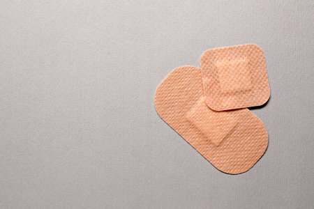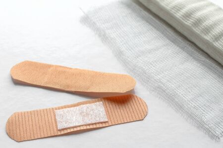 Adhesive bandages and bandage on a light background. Professionally photo with place for text. Medicine
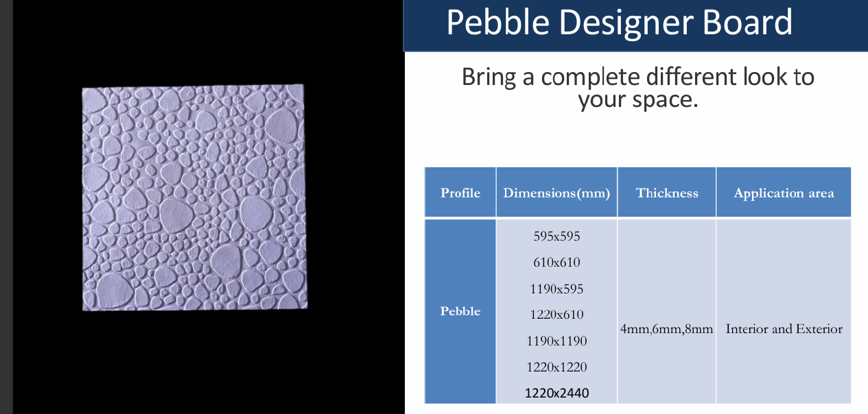 Using latest technology, the EcoPro boards are manufactured in various textured surface finishes.
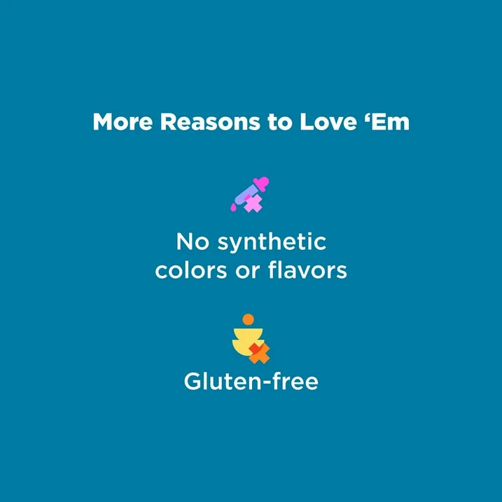 - For ages 7 and up: chew 2 gummies per day as needed. Chew thoroughly before swallowing; no food or water required
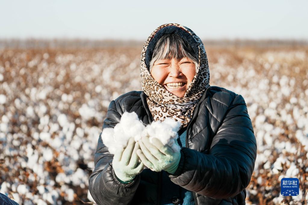 山东省无棣县景国农机服务专业合作社棉农张元梅在棉田里采摘棉花(2021年12月1日摄)。新华社记者 朱峥 摄
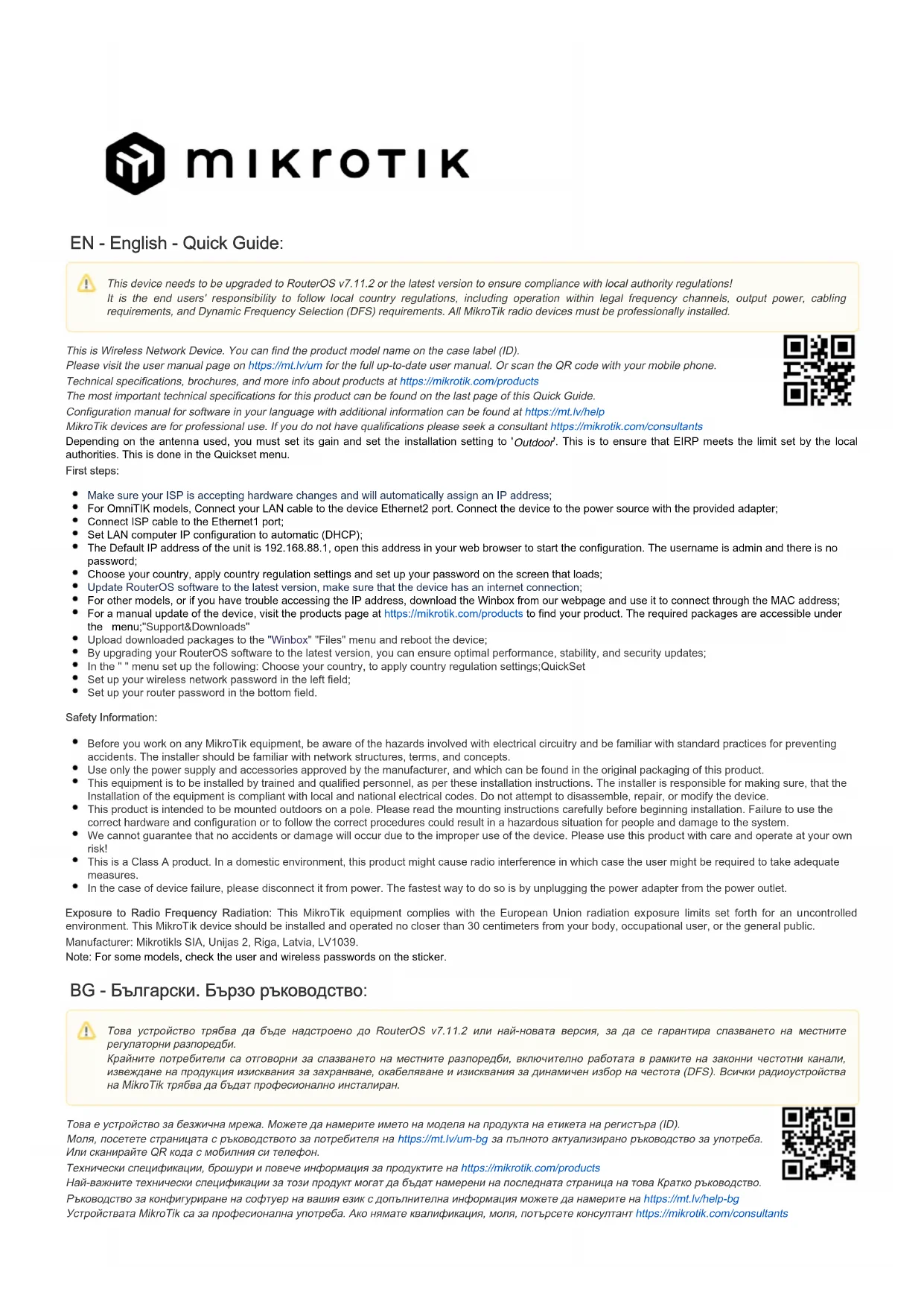 Il s'agit d'un périphérique réseau sans fil. Vous pouvez trouver le nom du modèle du produit sur l'étiquette du boîtier (ID). Veuillez visiter la page du manuel d'utilisation sur pour le manuel d'utilisation complet et à jour.https://mt.lv/um-fr Ou scannez le code QR avec votre téléphone portable. Spécifications techniques, brochures et plus d'informations sur les produits surhttps://mikrotik.com/products Les spécifications techniques les plus importantes de ce produit se trouvent sur la dernière page de ce guide rapide. Vous trouverez le manuel de configuration du logiciel dans votre langue avec des informations supplémentaires sur https://mt.lv/help-fr Les appareils MikroTik sont destinés à un usage professionnel. Si vous n'avez pas de qualifications, veuillez consulter un consultant https://mikrotik.com /consultants En fonction de l'antenne utilisée, vous devez régler son gain et régler le paramètre d'installation sur 'O '. utdoor Il s'agit de garantir que l'EIRP respecte la limite fixée par les autorités locales. Cela se fait dans le menuQuickset. Premiers pas: Assurez-vous que votre FAI accepte les modifications matérielles et attribuera automatiquement une adresse IP; Pour les modèles OmniTIK, connectez votre câble LAN au port Ethernet2 de l'appareil.Connectez l'appareil à la source d'alimentation avec l'adaptateur fourni; Connectez le câble ISP au port Ethernet1; Définissez la configuration IP de l'ordinateur LAN sur automatique (DHCP); L'adresse IP par défaut de l'unité est 192.168.88.1, ouvrez cette adresse dans votre navigateur Web pour démarrer la configuration.Le nom d'utilisateur est admin et il n'y a pas de mot de passe; Choisissez votre pays, pour appliquer les paramètres de réglementation du pays et configurez votre mot de passe sur l'écran qui se charge; Mettez à jour le logiciel RouterOS vers la dernière version, assurez-vous que l'appareil dispose d'une connexion Internet; Pour les autres modèles, ou si vous rencontrez des difficultés pour accéder à l'adresse IP, téléchargez la Winbox à partir de notre page Web et utilisez-la pour vous connecter via l'adresse MAC; Pour une mise à jour manuelle de l'appareil, visitez la page des produits sur pour trouver votre produit.Les packages requis sont https://mikrotik.com/products accessibles sous lemenu"Support&Downloads"; Téléchargez les packages téléchargés dans le menu " et redémarrez l'appareil;"Winbox "Files" En mettant à niveau votre logiciel RouterOS vers la dernière version, vous pouvez garantir des performances, une stabilité et des mises à jour de sécurité optimales; Dans le menu " configurez les éléments suivants: Choisissez votre pays, pour appliquer les paramètres de réglementation du pays;QuickSet" Configurez le mot de passe de votre réseau sans fil dans le champ de gauche; Configurez le mot de passe de votre routeur dans le champ du bas. Information sur la sécurité: Avant de travailler sur un équipement MikroTik, soyez conscient des dangers liés aux circuits électriques et familiarisez-vous avec les pratiques standard de prévention des accidents. Le programme d'installation doit être familiarisé avec les structures, les termes et les concepts du réseau. Utilisez uniquementl'alimentation et accessoires approuvés par le fabricant, etquipeuvent être a trouvé dansl'emballage d'origine de ce produit. Cet équipement doit être installé par du personnel formé et qualifié, conformément à ces instructions d'installation. L'installateur est responsable de s'assurer que l'installation de l'équipement est conforme aux codes électriques locaux et nationaux. N'essayez pas de démonter, réparer ou modifier l'appareil. Ce produit est destiné à être monté à l'extérieur sur un poteau. Veuillez lire attentivement les instructions de montage avant de commencer l'installation. Le fait de ne pas utiliser lematériel et la configuration corrects ou de ne pas suivre les procédures correctes peut entraîner une situation dangereuse pour les .personnes et endommager le système Nous ne pouvons garantir qu'aucun accident ou dommage ne se produira en raison d'une mauvaise utilisation de l'appareil. Veuillez utiliser ce produit avec soin et l'utiliser à vos propres risques! Ceci est un produit de classe A. Dans un environnement domestique, ce produit peut provoquer des interférences radio, auquel cas l'utilisateur peut être amené à prendre des mesures adéquates. En cas de panne de l'appareil, veuillez le déconnecter de l'alimentation. La façon la plus rapide de le faire est de débrancher l'adaptateur secteur de la prise de courant. cet équipement MikroTik est conforme aux limites d'exposition aux rayonnements Union européenne établies pourExposition aux rayonnements radiofréquences: un environnement non contrôlé. Cet appareil MikroTik doit être installé et utilisé à au moins30 centimètres de votre corps, de l'utilisateur professionnel ou du grand public. Fabricant: Mikrotikls SIA, Unijas 2, Riga, Lettonie, LV1039. Pour certains modèles, vérifiez les mots de passe utilisateur et sans fil sur l'autocollant.Noter: HR - Hrvatski. Brzi vodič: Cet appareil doit être mis à niveau vers RouterOS v7.11.2 ou la dernière version pour garantir la conformité aux réglementations des autorités locales. Il est de la responsabilité des utilisateurs finaux de suivre les réglementations locales du pays, y compris le fonctionnement dans les canaux de fréquence légaux, la sortie
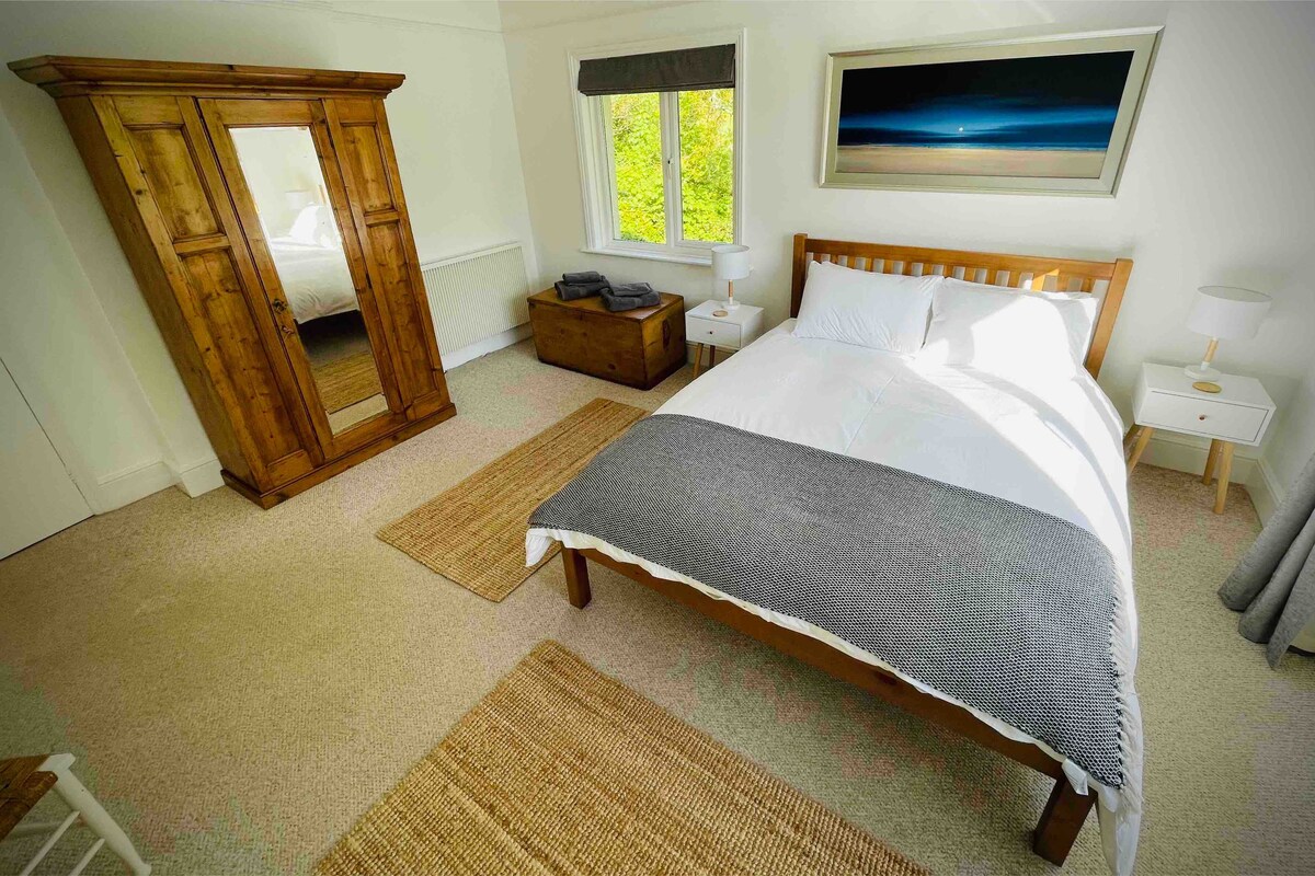 Discover the charm of 'Persuasion' where pages of Jane Austen’s classic novel came to life. Enjoy an unparalleled sea view experience, 1800s period character & airy comfort. Relax in a chic living area with high vaulted ceiling, exposed wooden beams & modern kitchen. Behind wide opening French doors find a turret-style bedroom offering sea views & sounds. Bathroom with bath & shower, Harry Potter-esque entrance hall & stairs. A central stay yet tranquil. Ideal for romantics, solo adventurers.
********
### WHAT TO PRODUCE:
Write down exactly what the lines above say, from the line holding "- For ages 7" through the line holding "山东省无棣县景国农机服务专业合作社棉农张元梅在棉田里采摘棉花(2021年12月1日摄)。新华社记者 朱峥 摄", and nothing more. Do not copy the pictures.

### RESPONSE TO THE TASK:
 - For ages 7 and up: chew 2 gummies per day as needed. Chew thoroughly before swallowing; no food or water required
 山东省无棣县景国农机服务专业合作社棉农张元梅在棉田里采摘棉花(2021年12月1日摄)。新华社记者 朱峥 摄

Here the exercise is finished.